→ **THE DATA**:

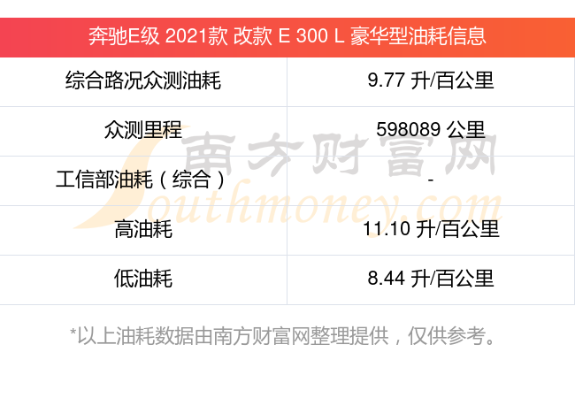 奔驰E级2021款改款E300L豪华型动力方面,搭载的是一台2.0T258马力L4涡轮增压发动机,匹配9挡手自一体自动档变速箱,燃料形式为汽油,常规整备质量1800kg,厂家参考价49.89万元。
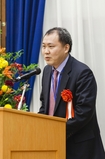 記念式典では、代表校の信州大学 山沢清人学長が、三つの大学がそれぞれの強みを生かし連携を行い、世界の繊維技術を引っ張っていくような人材の育成を目指していくと挨拶。続いて福井大学 福田優学長、京都工芸繊維大学 古山正雄学長に挨拶をいただき、来賓からは、総合科学技術会議常勤議員 相澤益男氏、文部科学省大学振興課大学改革推進室長 松坂浩史氏、経済産業省製造産業局繊維課長 片岡進氏からこれからの繊維・ファイバー分野にプロジェクトが果たす効果への期待が語られました。
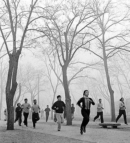 1957年1月3日清晨,北京的年轻人在东长安街的林荫道上跑步
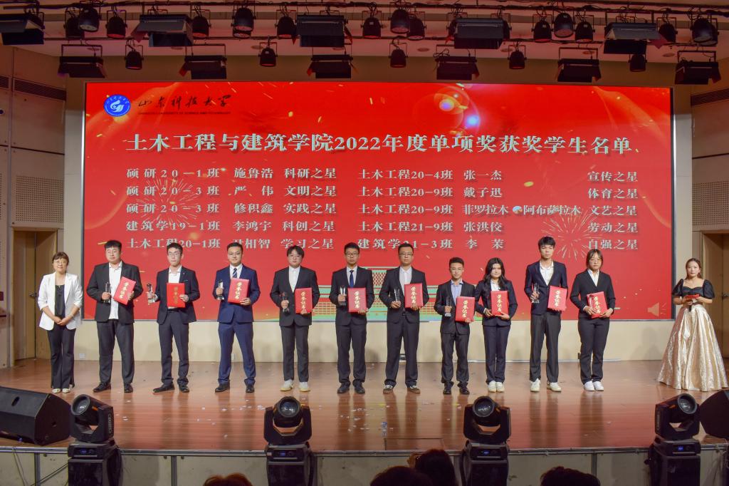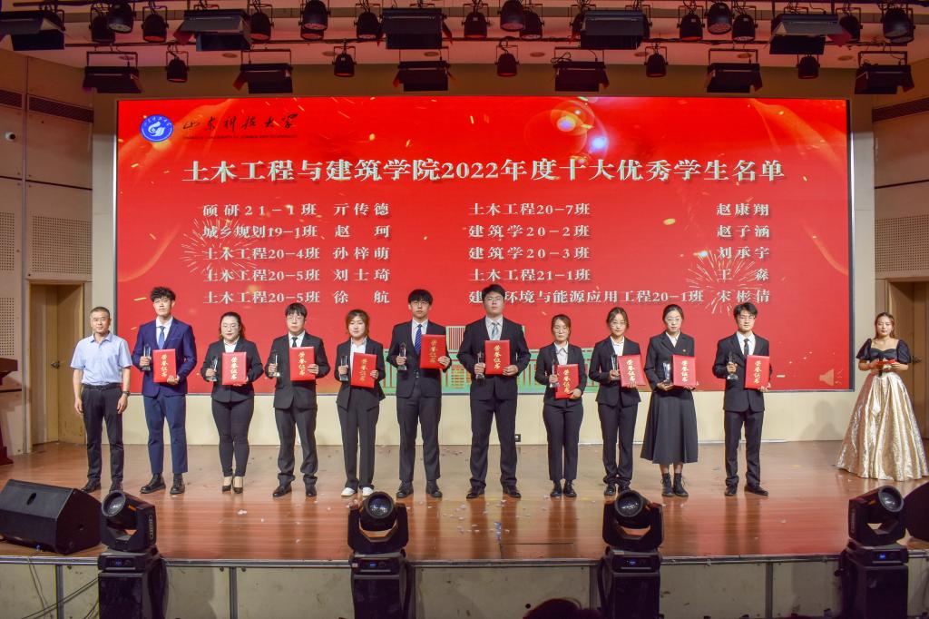 在“十大优秀学生”颁奖环节中,一段段VCR精彩纷呈,展示了beat365官网十大优秀学生的傲人风采,展现了土建学子担当时代责任和勇于砥砺奋斗的精神风貌。获得beat365中文唯一官网“2022 年十大优秀学生”称号的分别是亓传德、赵珂、刘士琦、孙梓萌、徐航、赵康翔、宋彬倩、赵子涵、刘承宇、王森。他们是土建学子的优秀代表,他们的优秀事迹激励广大同学奋勇争先、一路向前、永不言败。
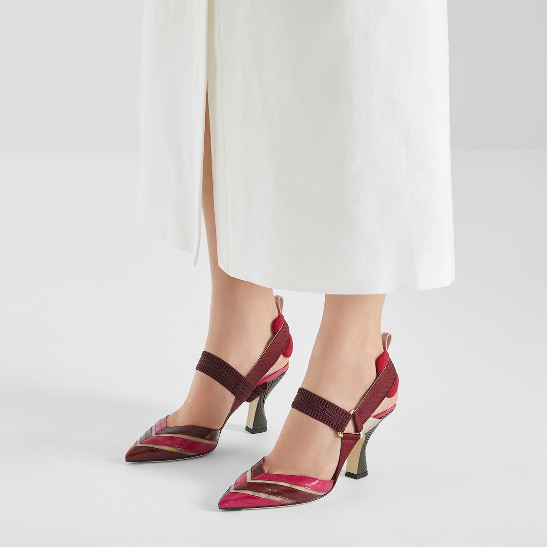 푸시아 및 버건디 해그피쉬와 메쉬 하이힐 슬링백
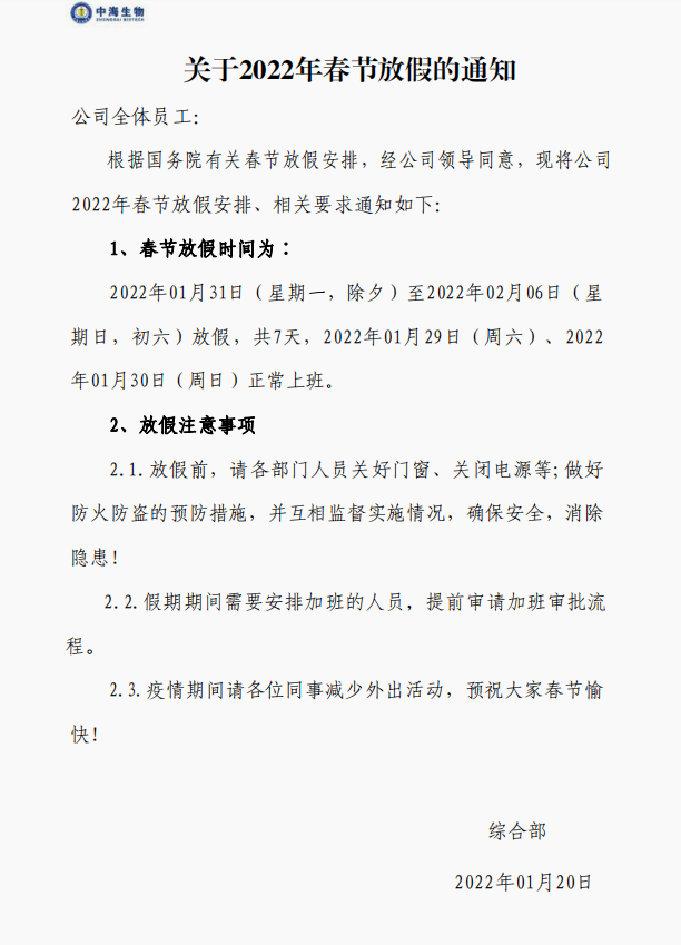 根據(jù)國務(wù)院有關(guān)春節(jié)放假安排,經(jīng)公司領(lǐng)導(dǎo)同意,現(xiàn)將公司2022年春節(jié)放假安排、相關(guān)要求通知如下:
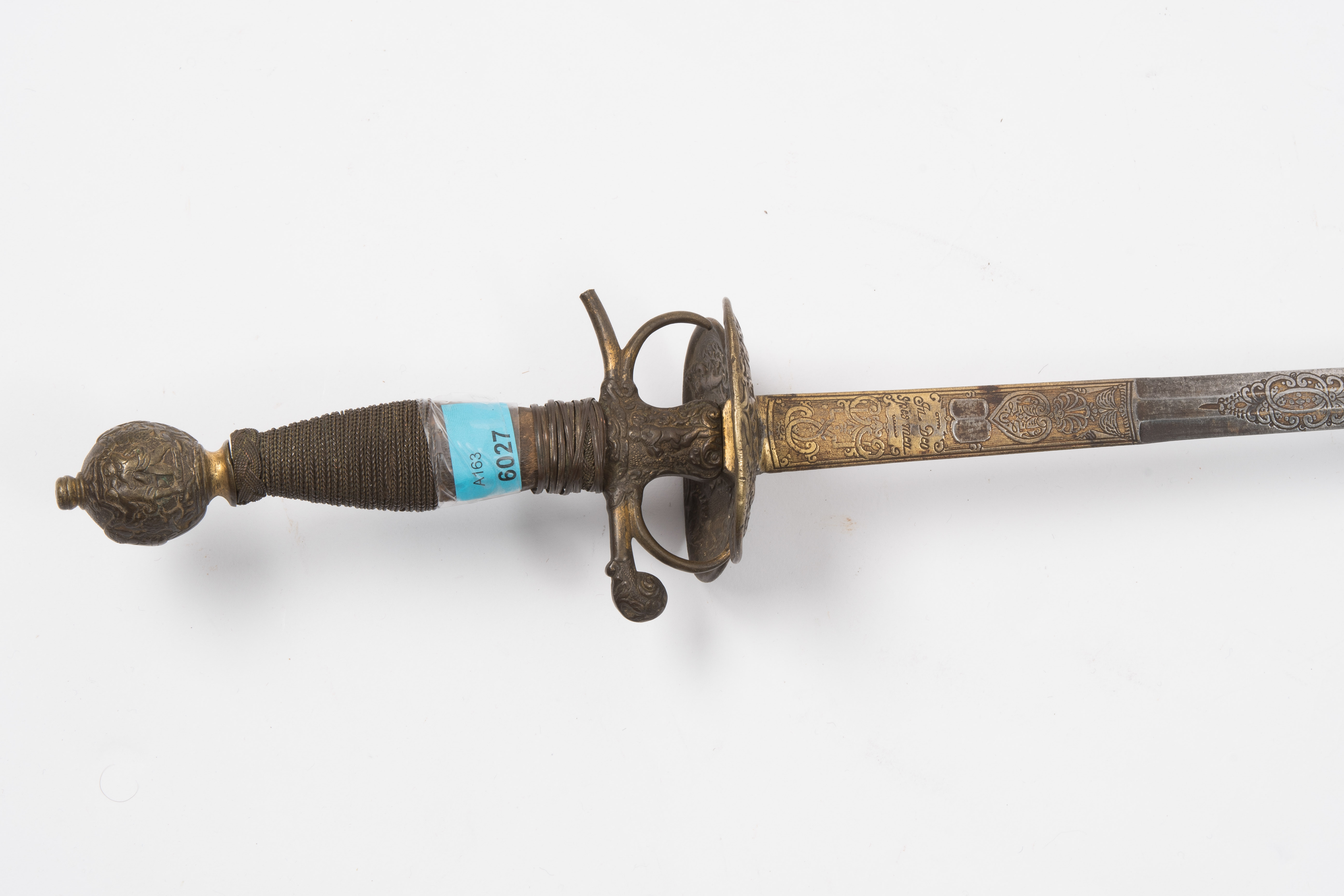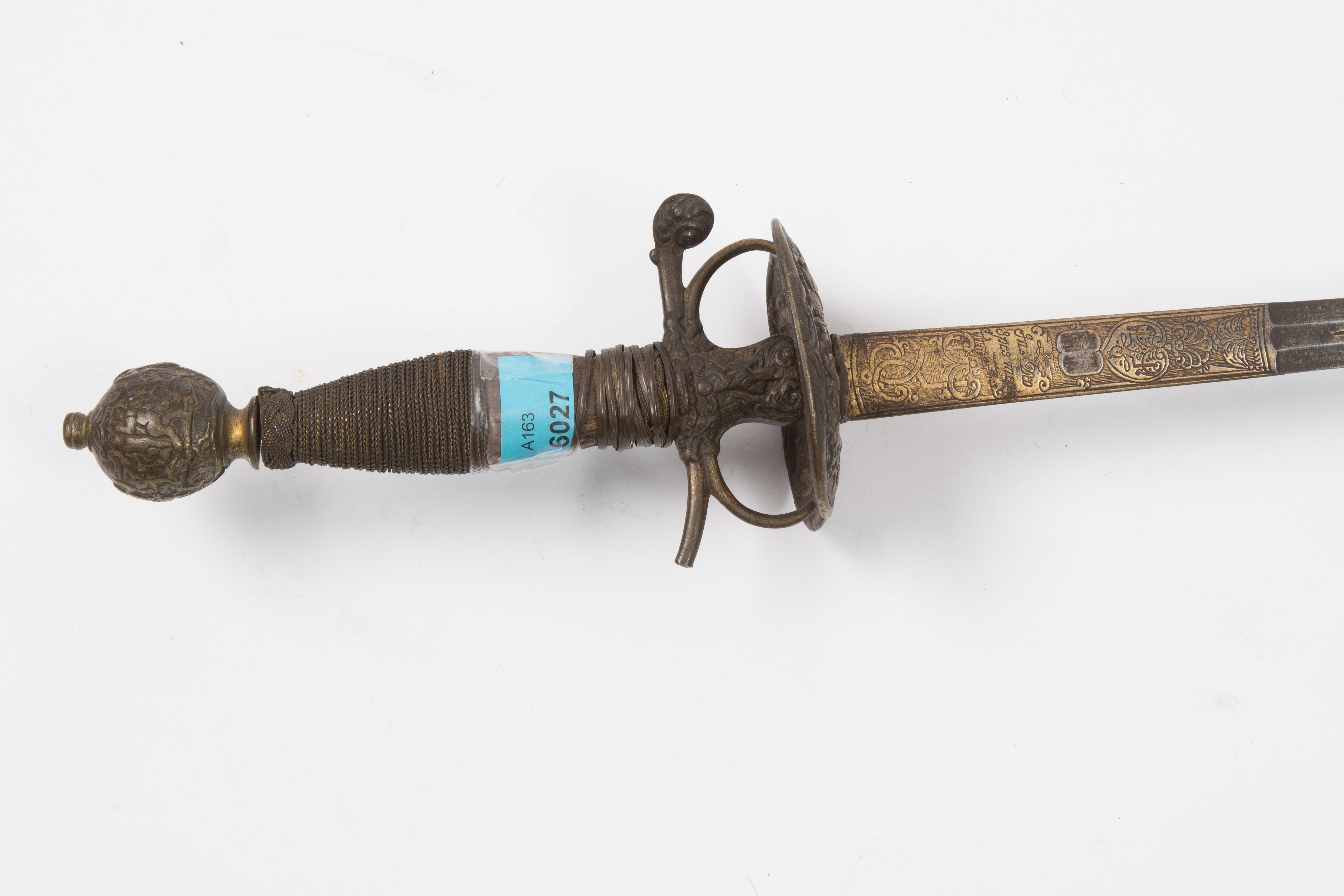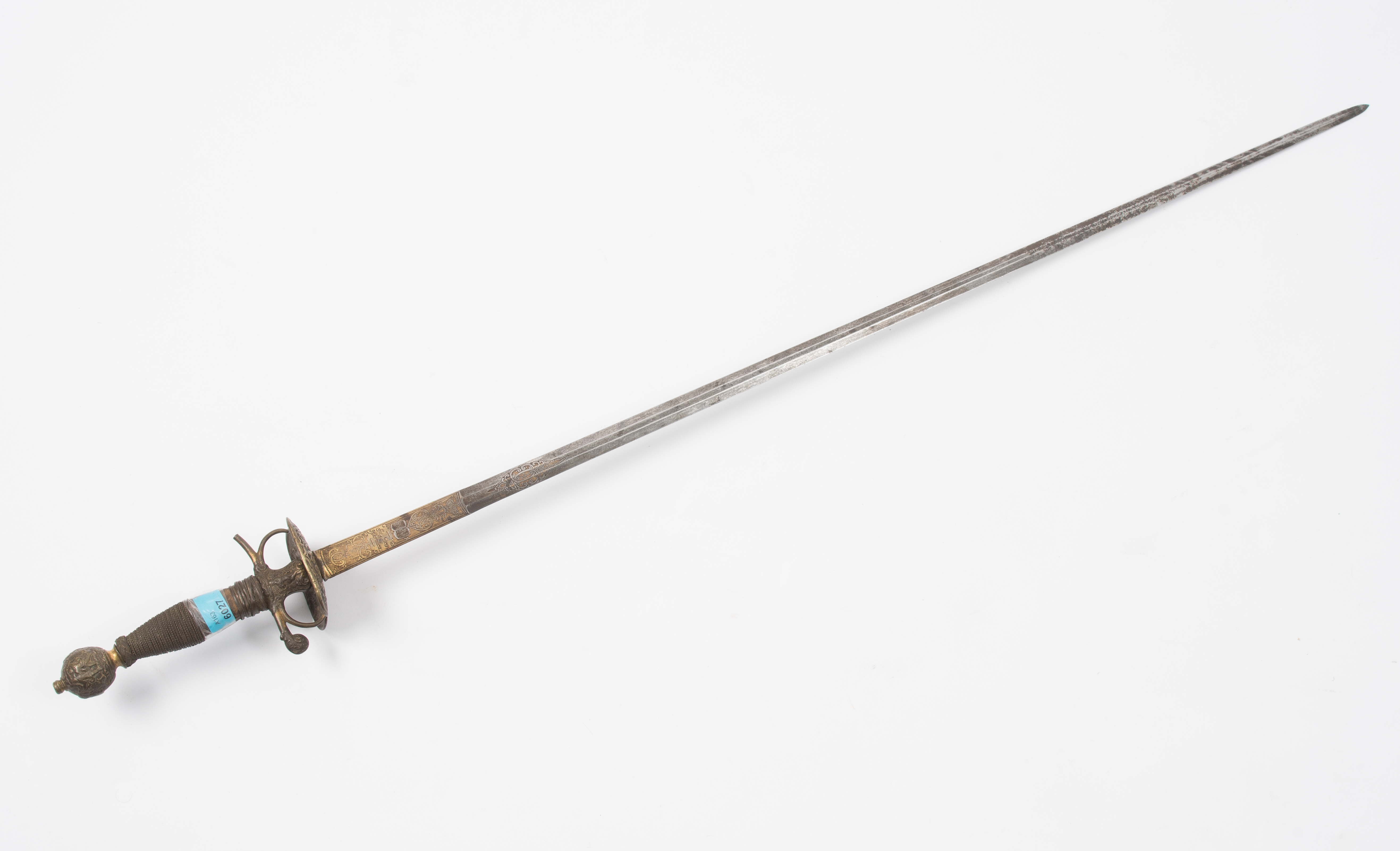 Italien/Deutschland, um 1680. Fragmentiertes und von der Angel gelöstes Messinggefäss mit Resten von Vergoldung. Kugelknauf, Mitteleisen und Stichblatt mit figürlichem und floralem Barock-Dekor. Griffbügel fehlt. Bauchige Hilze mit Türkenbünden und weitgehend abgelöster Drahtwicklung. Dunkel angelaufene bis korr. Stossklinge von hexagonalem Querschnitt mit linsenförmigem Ansatz. Letzterer mit Ranken- und Beschlagwerk graviert und vergoldet. Beidseitig Sinnspruch " In Deo Spes mea" (Auf Gott meine Hoffnung). L 91 cm.

→ **ACTIVITY**: Leave the pictures out and please restate exactly the lines running from the start of the material through the one with "根據(jù)國務(wù)院有".

→ **ANSWER FOR THIS EXERCISE**:
 奔驰E级2021款改款E300L豪华型动力方面,搭载的是一台2.0T258马力L4涡轮增压发动机,匹配9挡手自一体自动档变速箱,燃料形式为汽油,常规整备质量1800kg,厂家参考价49.89万元。
 記念式典では、代表校の信州大学 山沢清人学長が、三つの大学がそれぞれの強みを生かし連携を行い、世界の繊維技術を引っ張っていくような人材の育成を目指していくと挨拶。続いて福井大学 福田優学長、京都工芸繊維大学 古山正雄学長に挨拶をいただき、来賓からは、総合科学技術会議常勤議員 相澤益男氏、文部科学省大学振興課大学改革推進室長 松坂浩史氏、経済産業省製造産業局繊維課長 片岡進氏からこれからの繊維・ファイバー分野にプロジェクトが果たす効果への期待が語られました。
 1957年1月3日清晨,北京的年轻人在东长安街的林荫道上跑步
 在“十大优秀学生”颁奖环节中,一段段VCR精彩纷呈,展示了beat365官网十大优秀学生的傲人风采,展现了土建学子担当时代责任和勇于砥砺奋斗的精神风貌。获得beat365中文唯一官网“2022 年十大优秀学生”称号的分别是亓传德、赵珂、刘士琦、孙梓萌、徐航、赵康翔、宋彬倩、赵子涵、刘承宇、王森。他们是土建学子的优秀代表,他们的优秀事迹激励广大同学奋勇争先、一路向前、永不言败。
 푸시아 및 버건디 해그피쉬와 메쉬 하이힐 슬링백
 根據(jù)國務(wù)院有關(guān)春節(jié)放假安排,經(jīng)公司領(lǐng)導(dǎo)同意,現(xiàn)將公司2022年春節(jié)放假安排、相關(guān)要求通知如下:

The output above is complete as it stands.